Think of PRE as the original list, and POST as the list after some changes done. I would like to compare the two, and categorize them into three categories:

  1. Added Items - An item with a new 'Data' added to the list.
  2. Removed Items - An item was removed from the list.
  3. Diff Items - 'Data' is found in both PRE and POST lists, but their corresponding 'Value' is different.

So when categorized they should look like this:

Added Items:
EEE,9

Removed Items:
CCC,3
GGG,3

Diff Items:
BBB
FFF

I have another DiffItem class, to objects of which I would like to put the final results. DiffItem looks like this:

public class DiffItem
{
    public DiffItem() { }
    public DiffItem(string data, string type, string pre, string post) { Data = data; DiffType = type; PreVal = pre; PostVal = post; }

    public string Data { get; set; }
    public string DiffType { get; set; } // DiffType = Add/Remove/Diff
    public string PreVal { get; set; } // preList value corresponding to Data item
    public string PostVal { get; set; } // postList value corresponding to Data item
}

To accomplish this, first I extended IEqualityComparer and wrote a couple of comparers:

public class DataItemComparer : IEqualityComparer<DataItem>
{
    public bool Equals(DataItem x, DataItem y)
    {
        return (string.Equals(x.Data, y.Data) && string.Equals(x.Value, y.Value));
    }

    public int GetHashCode(DataItem obj)
    {
        return obj.Data.GetHashCode();
    }
}

public class DataItemDataComparer : IEqualityComparer<DataItem>
{
    public bool Equals(DataItem x, DataItem y)
    {
        return string.Equals(x.Data, y.Data);
    }

    public int GetHashCode(DataItem obj)
    {
        return obj.Data.GetHashCode();
    }
}

Then used Except() and Intersect() methods as follows:

    static void DoDiff()
    {
        diffList = new List<DiffItem>();

        IEnumerable<DataItem> preOnly = preList.Except(postList, new DataItemComparer());
        IEnumerable<DataItem> postOnly = postList.Except(preList, new DataItemComparer());
        IEnumerable<DataItem> common = postList.Intersect(preList, new DataItemComparer());

        IEnumerable<DataItem> added = postOnly.Except(preOnly, new DataItemDataComparer());
        IEnumerable<DataItem> removed = preOnly.Except(postOnly, new DataItemDataComparer());
        IEnumerable<DataItem> diffPre = preOnly.Intersect(postOnly, new DataItemDataComparer());
        IEnumerable<DataItem> diffPost = postOnly.Intersect(preOnly, new DataItemDataComparer());

        foreach (DataItem add in added)
        {
            diffList.Add(new DiffItem(add.Data, "Add", null, add.Value));
        }
        foreach (DataItem rem in removed)
        {
            diffList.Add(new DiffItem(rem.Data, "Remove", rem.Value, null));
        }
        foreach (DataItem pre in diffPre)
        {
            DataItem post = diffPost.First(x => x.Data == pre.Data);
            diffList.Add(new DiffItem(pre.Data, "Diff", pre.Value, post.Value));
        }
    }

This does work and gets the job done. But I'm wondering if there's a 'better' way to do this. Note that I put quotes around the word 'better', because I don't have a proper definition for what would make this better. Perhaps is there a way to get this done without as many 'foreach' loops and use of Except() and Intersetc(), since I would imagine that behind the Linq there's quite a bit of iterations going on.
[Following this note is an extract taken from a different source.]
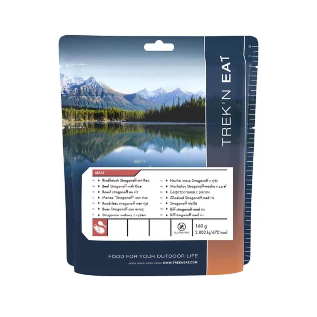 Denne Bøf Stroganoff med ris fra Trek’N Eat er glutenfri. Retten er nem at tilberede og have med på din sheltertur eller vandretur. Retten består af 1 portion, som indeholder 670 kalorier. Retten tilberedes let ved at hælde 380 ml vand i posen og vent i 5

Simply put, is there a cleaner code that I can write for this? I'm asking mostly out of academic interest and to expand my knowledge.

1

There are 1 best solutions below

0
On

I don't think you need your IEqualityComparer:

var added = from a in postList
            where !preList.Any(b => b.Data == a.Data)
            select new DiffItem(a.Data, "Add", null, a.Value);
var removed = from b in preList
              where !postList.Any(a => a.Data == b.Data)
              select new DiffItem(b.Data, "Remove", b.Value, null);
var diff = from b in preList
           join a in postList on b.Data equals a.Data
           where b.Value != a.Value
           select new DiffItem(b.Data, "Diff", b.Data, a.Data);
var diffList = added.ToList();
diffList.AddRange(removed);
diffList.AddRange(diff);